=== Directions ===
No pictures go into the copy. Write out every line below exactly.

=== Exercise data ===
------------------------------------
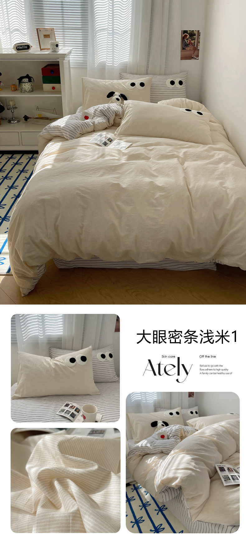 商品名称:丽涵家纺 2024新款全棉混搭色织水洗棉大眼学生四件套纯棉三件套 大眼蓝黄格2
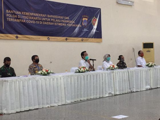 Pagi ini Jumat (24/4) bertempat di Gedung Wana Bhakti Yasa Yogyakarta, kemenparekraf RI salurkan bantuan kepada para pelaku wisata terdampak Covid-19 di Yogyakarta. Bantuan diserahkan secara simbolis oleh Deputi Bidang Produk Wisata dan Penyelenggaraan Kegiatan (Event) Kemenparekraf Rizki Handayani Mustafa kepada Gubernur DIY Sri Sultan Hamengkubuwana X.
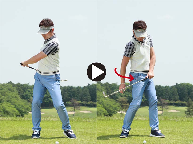 それに対して、今のダウンブローは横の体重移動をあまり使いません。構えた位置のままで体を回転させて、クラブの遠心力にまかせて打つという感覚です。私はよく「引き込み動作」という表現で説明するのですが、要は自分は動かないでおいて、体の回転でクラブを引っ張り下ろすイメージでダウンスイングするのです。昔よりも体も回転を主と考えたスイングといえば理解しやすいでしょう。
------------------------------------
=== Reply to the task ===
 商品名称:丽涵家纺 2024新款全棉混搭色织水洗棉大眼学生四件套纯棉三件套 大眼蓝黄格2
 Pagi ini Jumat (24/4) bertempat di Gedung Wana Bhakti Yasa Yogyakarta, kemenparekraf RI salurkan bantuan kepada para pelaku wisata terdampak Covid-19 di Yogyakarta. Bantuan diserahkan secara simbolis oleh Deputi Bidang Produk Wisata dan Penyelenggaraan Kegiatan (Event) Kemenparekraf Rizki Handayani Mustafa kepada Gubernur DIY Sri Sultan Hamengkubuwana X.
 それに対して、今のダウンブローは横の体重移動をあまり使いません。構えた位置のままで体を回転させて、クラブの遠心力にまかせて打つという感覚です。私はよく「引き込み動作」という表現で説明するのですが、要は自分は動かないでおいて、体の回転でクラブを引っ張り下ろすイメージでダウンスイングするのです。昔よりも体も回転を主と考えたスイングといえば理解しやすいでしょう。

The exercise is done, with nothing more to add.